There are only two instances of marked divergence in sequence or structure among the newly isolated PI homologs. One is found in the predicted products of the D. eximia (Fumariaceae) and P. nudicaule (Papaveraceae) genes, DePI and PnPI-1, both of which contain an approximately 20 amino acid insertion upstream of the PI motif as well as a 10 to 12 amino acid addition at the C-terminal end of the protein (Figure 3A). These novel regions are characterized by stretches of A/C-rich repetitive DNA sequence. At the nucleotide level, the two cDNAs clearly align with one another through these novel regions, sharing 58% identity in the 100 bp upstream of the PI motif and 70% identity in the downstream region. It is likely that the event(s) that produced these insertions occurred before the last common ancestor of the Papaveraceae and Fumariaceae, which are sister families within the Papaverales. The second example of major sequence deviation within the PI homologs is seen in the P. nudicaule gene PnPI-2. The PnPI-2 cDNA encodes a truncated protein of only 164 amino acids, as opposed to the usual length of 180 to 210 amino acids. Alignment of the PnPI-1 and PnPI-2 nucleotide sequences reveals that the similarity between the PnPI-1 and PnPI-2 transcripts is quite high (80% identity) up to the point of the stop codon in PnPI-2, after which the similarity declines considerably.

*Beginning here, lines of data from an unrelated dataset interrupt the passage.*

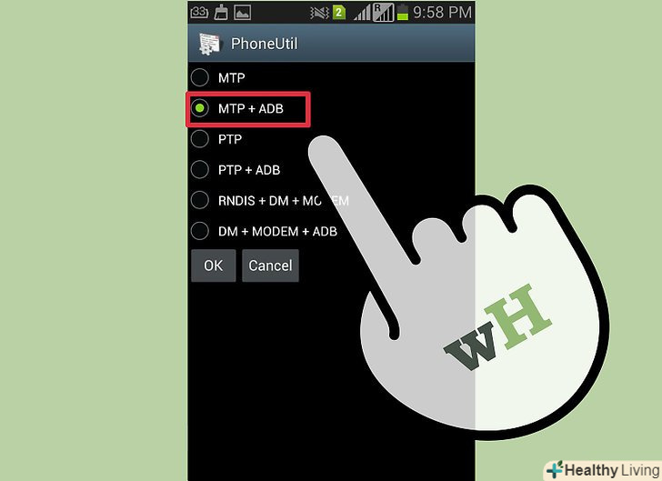 Виберіть "MTP + ADB" і торкніться OK, щоб примусово запустити MTP-режим на телефоні. Виберіть "MTP + ADB" і торкніться OK, щоб примусово запустити MTP-режим на телефоні.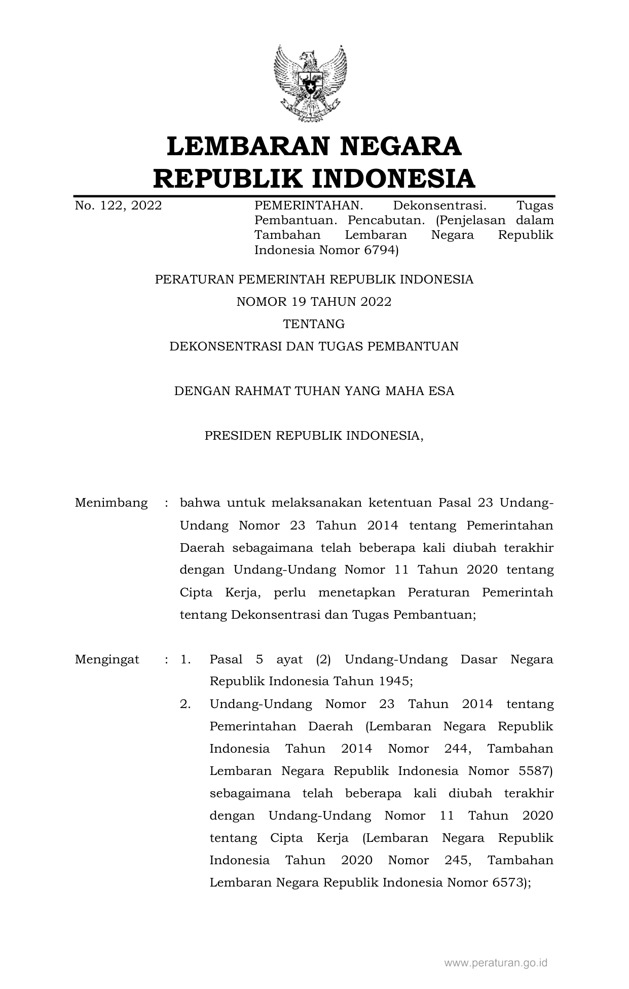 PP Nomor 19 Tahun 2022 | Peraturan Pemerintah Nomor 19 Tahun 2022 tentang DEKONSENTRASI DAN TUGAS PEMBANTUAN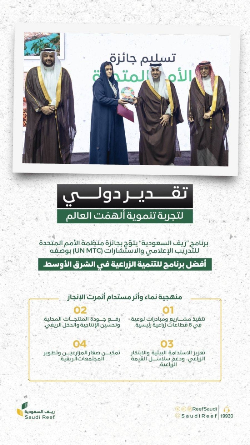 تكريم ريف السعودية بجائزة البرنامج الزراعي الأكبر في الشرق الأوسط من الأمم المتحدة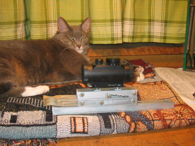 Below are some pics for a thumb operated self-elevating scope mount. The range is from 0 to 30 degrees. There are notches cut out at 5-10-20-30 degrees that click at those points so you can tell by feel without looking what elevation your at. It's mounted on the top barrel support for the 7 shot semi revolver I'm working on. Made out of 1/2" channel, a scrape of plastic deck lumber a spring and some pins, total cost without the scope is about $2.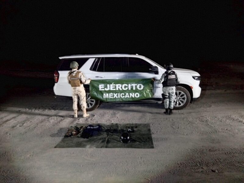 Conjuntamente, el Ejército Mexicano y la Guardia Nacional, al realizar un operativo coordinado en la colonia La Copa, en el mencionado municipio, lograron el aseguramiento de una camioneta, 38 cartuchos, seis cargadores, así como ropa y un casco táctico.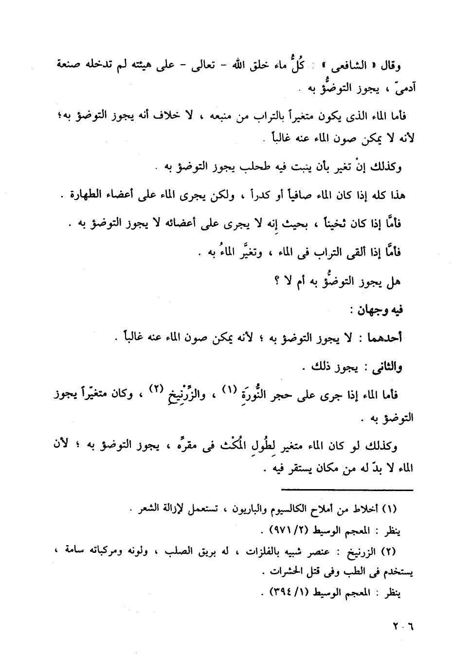 وقال الشافعي: كل ماء خلق الله تعالى على هيئته لم تدخله صنعة آدمي، يجوز التوضؤ به.
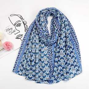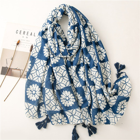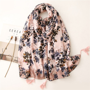 复古文艺民族风浅粉色花朵乱麻棉麻手感围巾保暖防晒丝...
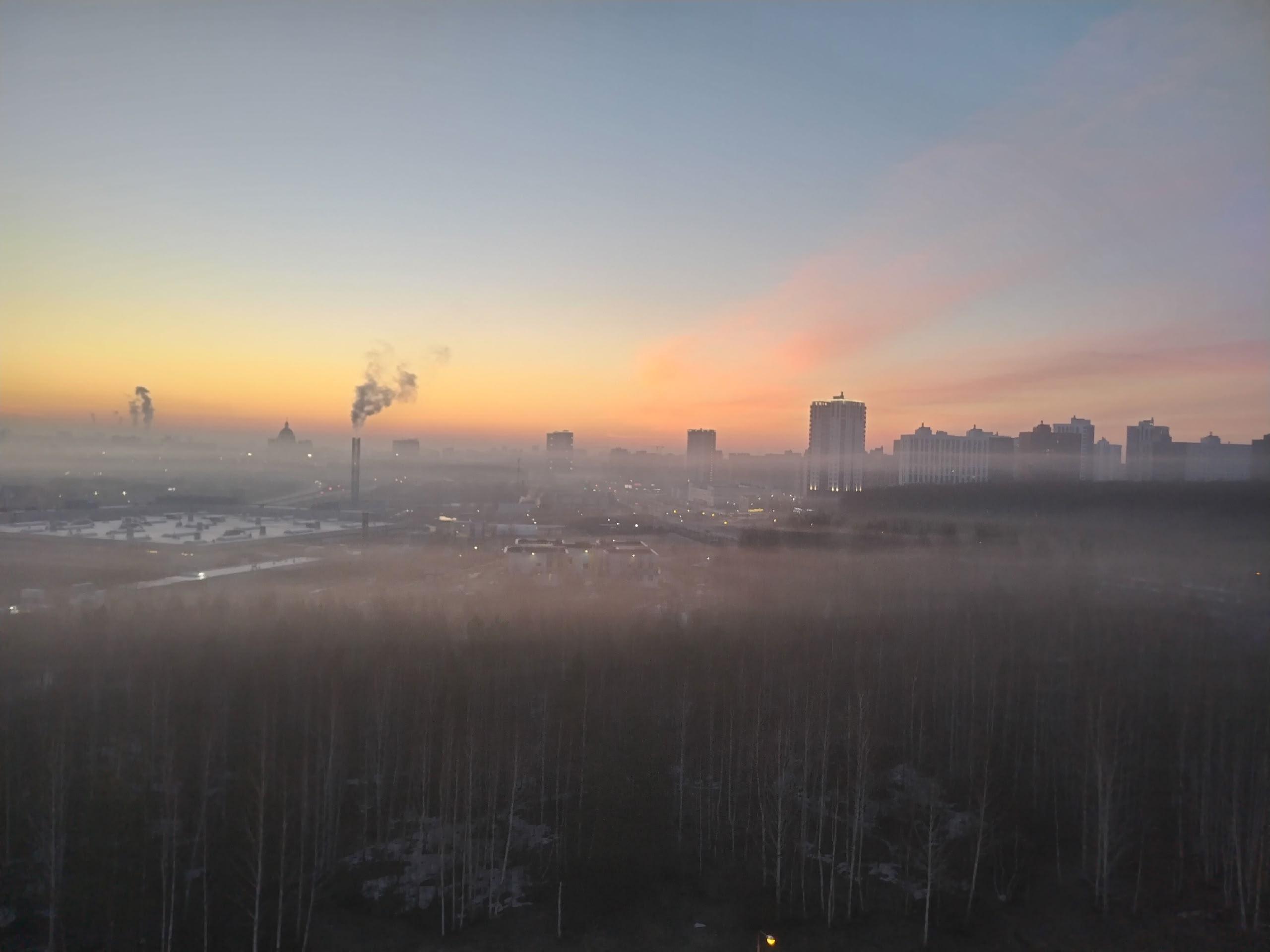 Утренний восход солнца был скрыт дымкой, лишив горожан привычных красок.

Parsimony and distance-based phylogenies of the PI sequences were produced by analysis of the complete PI protein data set using several AP3-like sequences as the outgroup. The parsimony analysis resulted in 8 trees of equivalent length, from which a 50% majority rule consensus tree with a consistency index of 0.972 was derived, shown in Figure 4A. The topology of the parsimony tree is similar in many ways to that of the distance-based tree shown in Figure 4B. In both trees, all of the higher eudicot PI sequences are grouped into a single clade. The distance and parsimony trees do differ in the placement of the PnPI-1/PnPI-2 paralog pair relative to the other Ranunculid PI orthologs. One unexpected result is the position of the P. magnificum gene, PmPI-2, as sister to the higher eudicot clade in the parsimony analysis. This is not the expected position of a representative of a basal magnolid dicot. The other Piperaceae representatives, PmPI-1 and PhPI, are located at the base of the tree. In diverging from its paralog, PmPI-2 may have independently acquired sequence motifs characteristic of the higher eudicot PI representatives. In the distance analysis, PmPI-2 is placed at the base of the tree, closer to the other Piperaceae representatives. We note that the low bootstrap support seen for certain nodes reflects the restricted number of characters on which the node is based, rather than on the existence of alternative, better supported topologies. Analysis of a nucleotide PI data set yielded trees which displayed a significant number of unresolved polytomies due largely to the effects of saturation (data not shown). Where resolution was obtained using the nucleotide sequences, the structure of the consensus tree did not differ from that found using the protein sequences.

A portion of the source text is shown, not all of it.